No estaba en mis planes estrenarla aquel sábado a medianoche. Quería dar vueltas por 11 de Septiembre y dejarme llevar por Av. Providencia al día siguiente, domingo, día que, según los pronósticos, sería despejado y agradable. Salí del departamento y me puse a esperar un taxi en la esquina de mi casa, frente a la bodega de las chinas que me recibieron con alboroto y me sobaron el brazo lastimado diciéndome cosas agridulces en mandarín, cosas que desde luego no entendí pero mitigaron el dolor del brazo casi rehabilitado y ya no tan tieso y entumecido como cuando me quitaron el cabestrillo.
No pocas veces he pasado por Santiago y sabía por eso que un sábado a medianoche era altamente improbable encontrar un taxi en esa esquina o en ninguna. No pocas veces he caminado en Santiago, en especial durante mi época universitaria, hasta volver a casa, o en este caso al hotel, a falta de un taxista que me rescatase del frío. Aquel sábado no fue la excepción. Estuve media hora esperando un taxi y nunca apareció. Los pocos que pasaban iban ya ocupados y el frío empezaba a molestar. No era el frío despiadado de Agosto, pero era un frío que se metía con los pies y conspiraba contra mi precaria recuperación.
Harto de esperar, comprendí que el destino había adelantado la cita que tenía conmigo para expiar mis demonios y volver al caso en el que la bestia me corneo y dejó malherido, volver y no sentir miedo, porque un torero con miedo es un torero muerto, el miedo se olfatea desde lejos y te condena en ese oficio y en todos los demás.
Bajé a recepción, cargué la bicicleta, me subí en ella y empecé a pedalear subiendo por Av. Irarrázaval, sintiendo que en cada esfuerzo muscular se me iba otra vida y que era peligroso subir a esa hora por la avenida, tratando de llegar a la función de medianoche del cine de Av. Ossa que tanto me gusta para ver una película que sospechaba que sería mala, pero no importaba, un viaje a Santiago era incompleto si no veía al menos una y a veces hasta 3 películas al día y ese sábado no había visto ninguna.
Cuando llegué al cine, estaba excitado, poseído en una confianza ciega en mi poderío, y por eso no me importó pedirle a la chica que me vendió las entradas que cuidase mi bicicleta porque no tenía cadena ni candado para amarrarla y ella acepto tan ingrato cargo, no sin que sus manos fuesen previamente lubricadas con unos dolares siempre bienvenidos que traía desde Boston en mi billetera.
La película fue menos mala de lo que sospechaba, porque Ariadna Gil estaba soberbia y Diego Luna parecía a ratos un demente suicida y por eso mismo alguien podría ser tu amigo, pero no pude disfrutarla del todo porque estaba impaciente por salir a ver si me habían robado la bicicleta, quizá la chica de la taquilla o algún peatón avispado, y arrojarme pedaleando por la calle de necesidad mortal que me había convocado de vuelta a Santiago.
No me habían robado mi bicicleta, la chica me sonrió y me hizo pensar que debo pasar más tiempo en Boston que en Santiago.
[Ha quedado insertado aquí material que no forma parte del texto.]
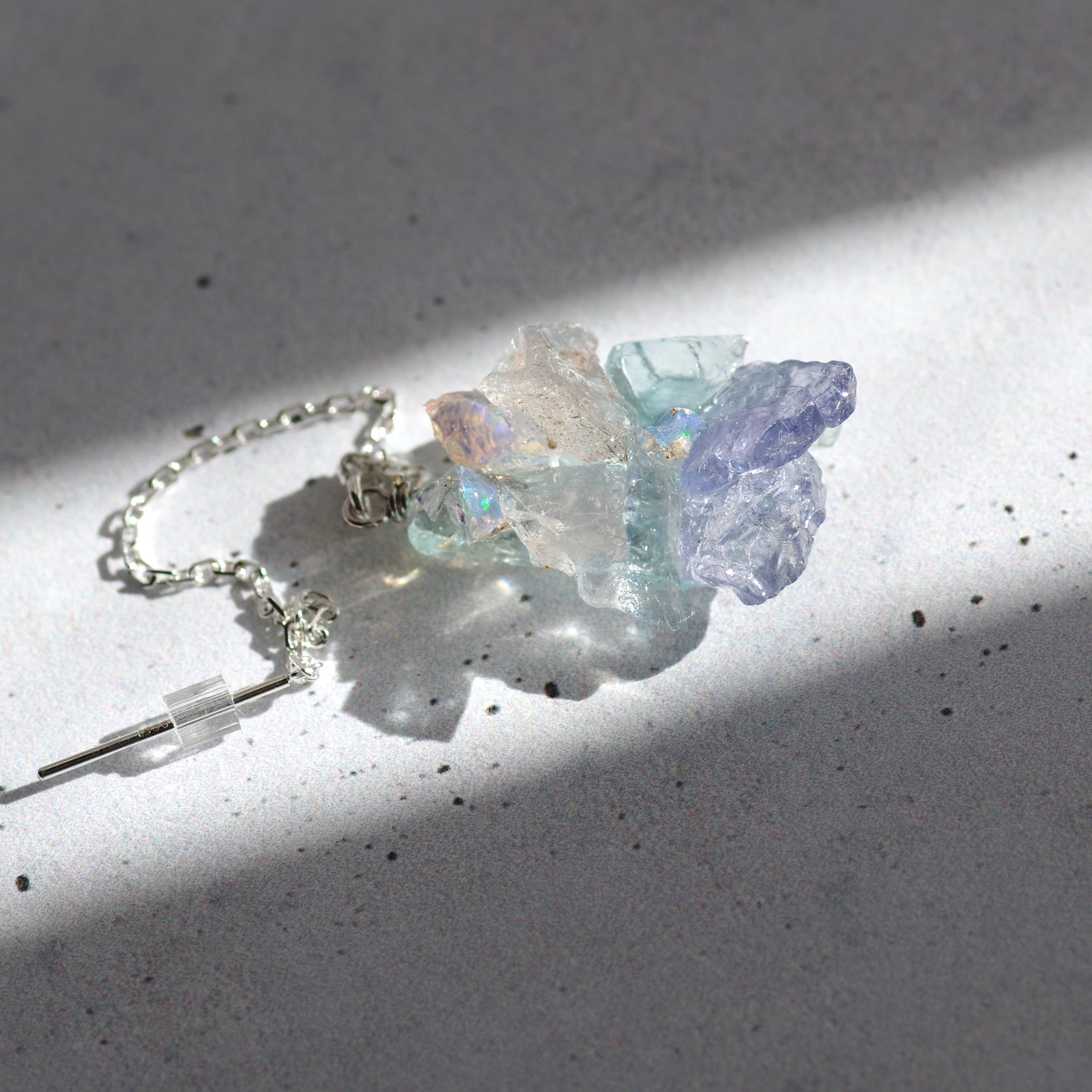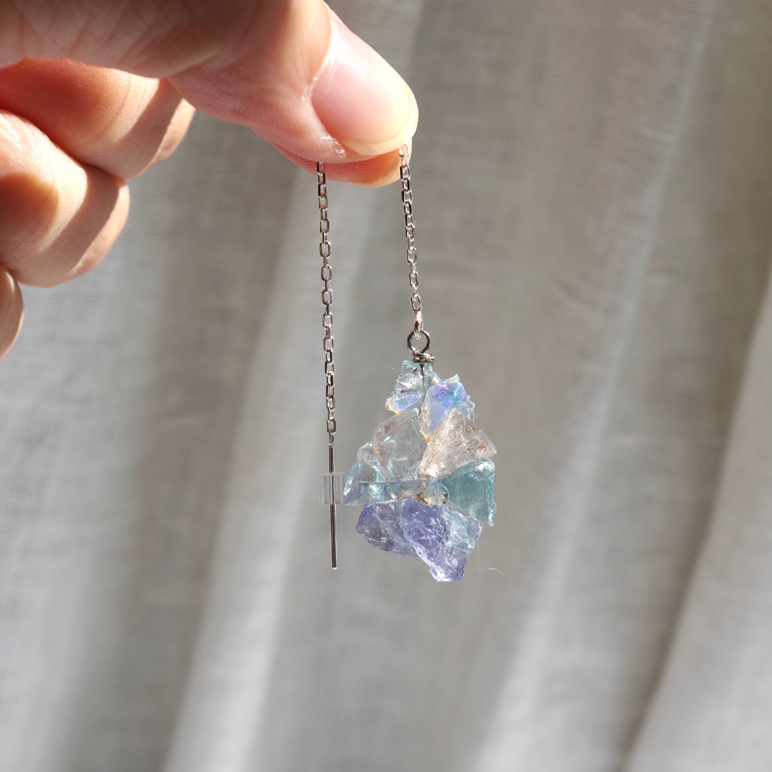アクアマリン × タンザナイト × フローライト × オパール の原石を使用したシルバー925のチェーンピアスです。
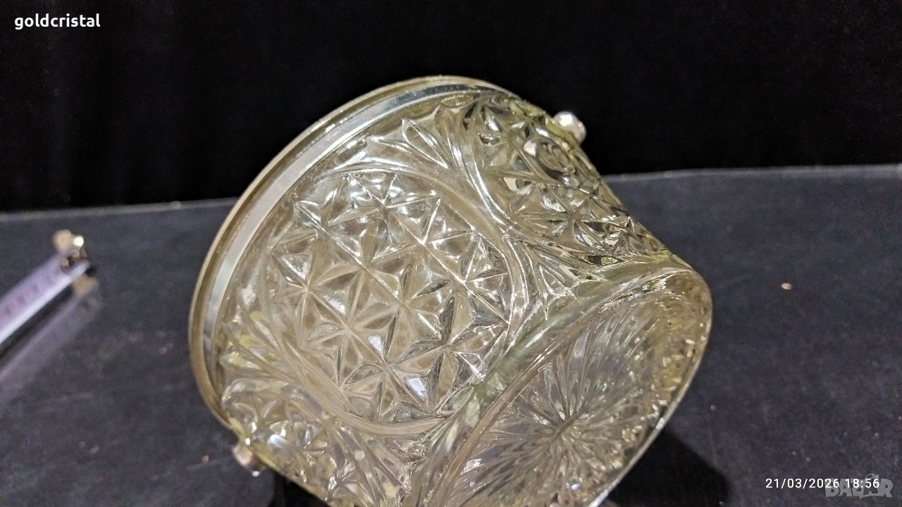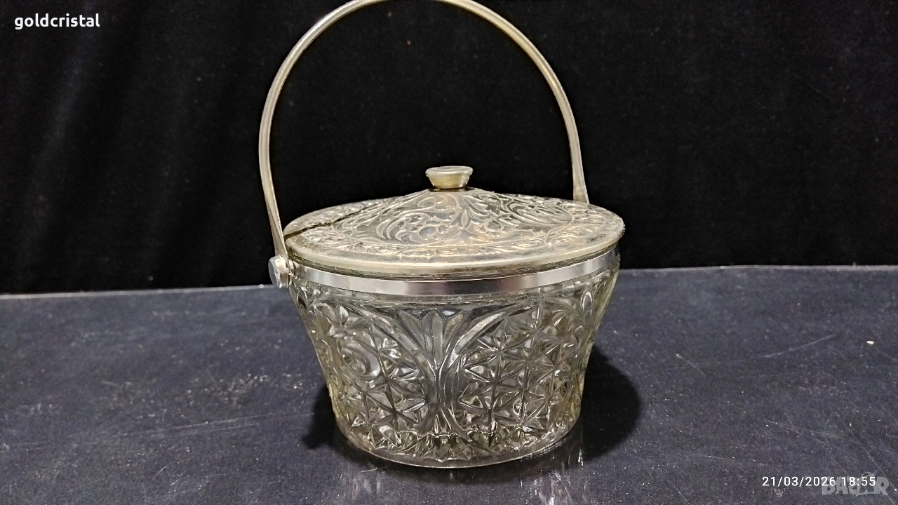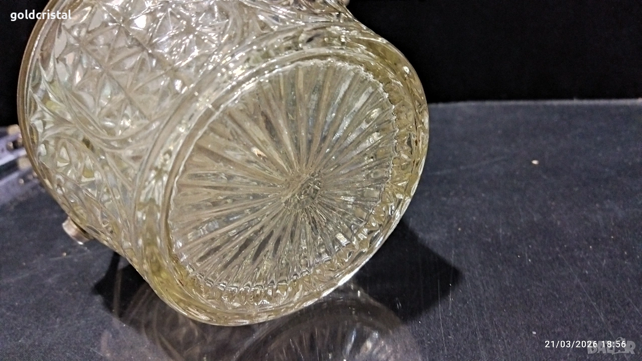 стара руска стъклена кристална заханица с метален капак и дръжка без забележки сервиз комплект сет лот ретро арт декор винтидж колекция стари старинни антикварни предмети обзавеждане за дома и семейството подходящи за подарък за ценители и колекционери

Luego empecé a pedalear de prisa hasta llegar a Av. Matta y doblé a la derecha en Vicuña Mackenna. Lo prudente hubiera sido elegir la acera, despoblada a esa hora. Pero lo prudente no ha sido nunca, en mi caso, lo aconsejable. Por eso me quede en la misma pista por la que me descolgué aquella tarde última de septiembre y busqué con frenesí autodestructivo toda la velocidad que mis piernas pudiesen obsequiarme y por un momento pensé que estaba muerto y que ese recorrido lo hacía otra persona que ahora habitaba mi cuerpo. Porque aquella persona que se accidentó vivía dopada y tragando pastillas y esta otra quería resistir, sobrevivir, remontar la adversidad y afirmar virilmente su búsqueda, a cualquier precio y contra la adversidad.
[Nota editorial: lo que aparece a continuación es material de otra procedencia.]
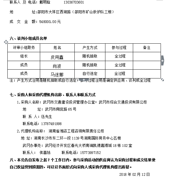 武岡市龍?zhí)镟l(xiāng)至何家函(X135)龍?zhí)镏撂一ǘ胃臄U(kuò)工程和武岡市云山景區(qū)半山環(huán)形村道及林區(qū)道路建設(shè)工程施工監(jiān)理服務(wù)采購項(xiàng)目 競爭性談判成交結(jié)果公告
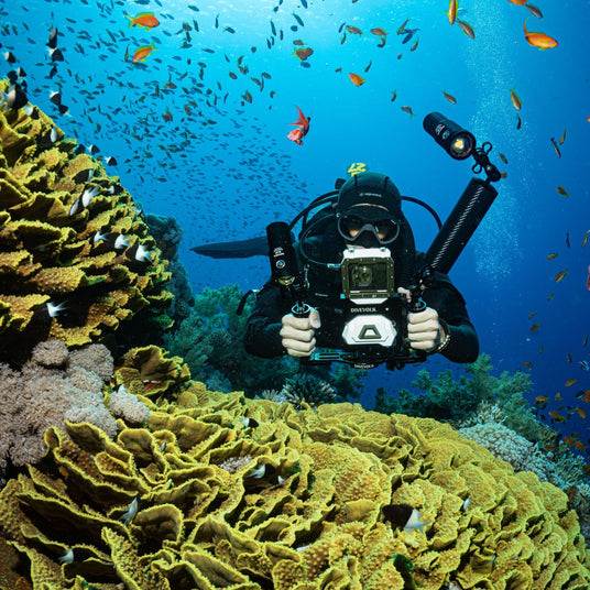 Ya sea que bucees por pasión, hagas snorkel, trabajes en el mar o simplemente quieras capturar tus inmersiones, este kit Divevolk está diseñado para llevar tu contenido más lejos, más profundo, y más seguro.
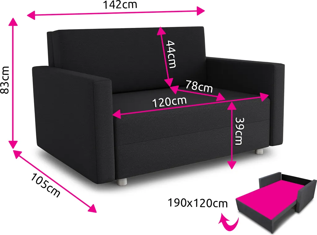 Schlafsofa Pura Maxi Mit Bettkasten – Polstersofa Mit Schlaffunktion, Sofa, Bettsofa, Wohnlandschaft (Schwarz (Suedine 24))
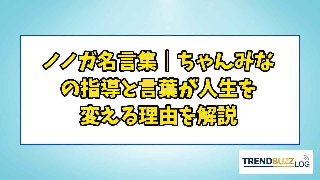 ノノガ名言集|ちゃんみなの指導と言葉が人生を変える理由を解説
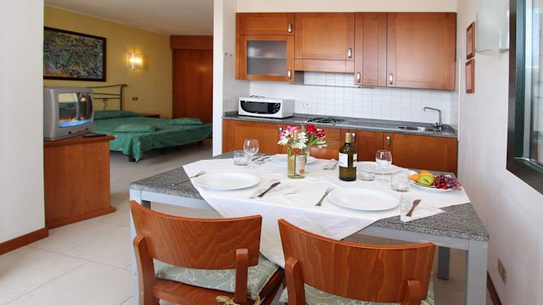 In der Eurobeach Residence haben Sie die Möglichkeit, Ihre Mahlzeiten selbst zuzubereiten. Die Apartments verfügen über eine voll ausgestattete Küchenzeile mit einem Essbereich. Wenn Sie jedoch keine Lust zum Kochen haben, finden Sie in der Umgebung zahlreiche Restaurants, die eine Vielzahl von Speisen und Getränken anbieten.
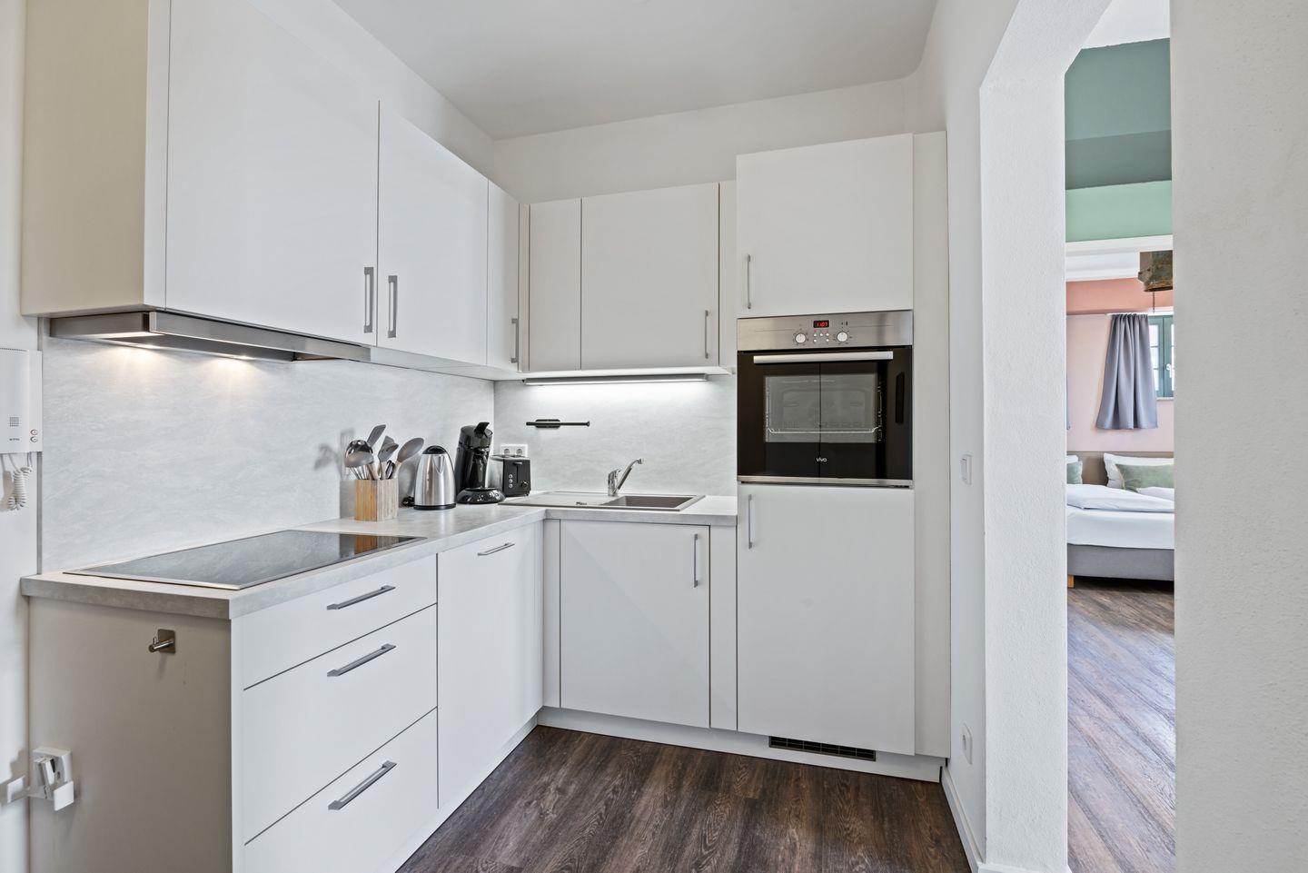 Angeschlossen an den kombinierten Wohn-Essbereich befindet sich die voll ausgestattete offene Küche mit Geschirrspüler, Kühlschrank mit Tiefkühlfach, ein 4-Felder Ceranherd, Kaffeepadmaschine (Senseo), Toaster, Wasserkocher und Backofen. Der Wohnbereich beinhaltet für euch eine Schlafcouch, einen großen SMART-TV (49 Zoll), eine hochwertige Bluetooth-Box von Bose mit Radio sowie Bücher. Das geschmackvolle Badezimmer verfügt über eine ebenerdige Dusche, Waschbecken, WC, Handtuchwärmer, Kosmetikspiegel und Föhn. Das separate Schlafzimmer bietet ein komfortables Boxspring-Doppelbett (1,88 x 2,00 m), Kleiderschrank und einen weiteren großen SMART-TV (49 Zoll).
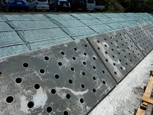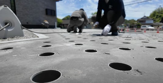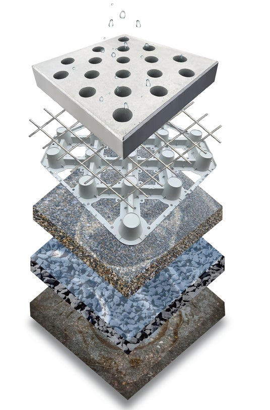 Dotcon工法は、再生ポリプロピレン製のパネル「Dotconパネル」を等間隔で敷設し、その上にワイヤーメッシュとコンクリートを打設するオンサイト型透水性舗装技術です。パネルの孔部を通じて雨水を一時貯留し、敷砂層・路盤層を通して地下に浸透させることで、雨水流出の抑制、ヒートアイランド対策、意匠性の向上を同時に実現します。
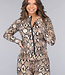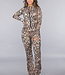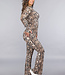 Dieses zweiteilige Set ist aus Stretchstoff gefertigt und hat einen coolen Schlangenprint. Die Weste hat lange Ärmel und einen schwarzen Reißverschluss über die gesamte Vorderseite. Außerdem verfügt die Weste über Daumenlöcher. Die Hose hat eine hohe Taille und ausgestellte Beine. Auf der Rückseite ist die Hose mit einem Scrunch versehen.

Helada la nariz por el viento de las 3 de la mañana, sujetando con un brazo el timón, buscando tozudamente esa cita inevitable con mi destino y mi historia hecha de golpes y caídas, lo que ya está escrito, dicho y hecho, lo que soy porque está en mis genes o porque mi padre lo quiso así: que yo también fuese cojo para parecerme a él. Y fue así como llegué a la esquina donde volé y me partí el brazo, y me detuve un momento y sentí la presencia reconfortante de mi padre contentándose por mi espíritu guerrero, por atreverme a cruzar silbando ese puente imaginario sobre el río Kwai, como en la película que me llevó a ver cuando era niño, y comprendí que su destino -y quizás alguna vez también fue el mio- era el de ser cojo, él porque los huesos se le encogieron y yo porque el alma me pudo haber quedado coja, lisiada. Y nunca fui más amigo de mi padre que aquella noche en la esquina aciaga de Santiago donde perdí una vida y la recobré semanas después, un sábado de noviembre que no olvidaré, como no olvidaré la última sonrisa de mi padre que cojo me recogió.
Es tan adorable. Siempre antes de salir de compras, Claudia lo organiza todo con una minuciosidad admirable, que no sé de quién ha heredado, seguro que no de mí. Se sienta en su computadora, entra en Internet, imprime el mapa interior del centro comercial al que iremos (una hoja por piso, por si las dudas), selecciona las tiendas que más le interesan, traza el recorrido exacto que haremos bajo su suave mando, y elige el restaurante en el comeremos.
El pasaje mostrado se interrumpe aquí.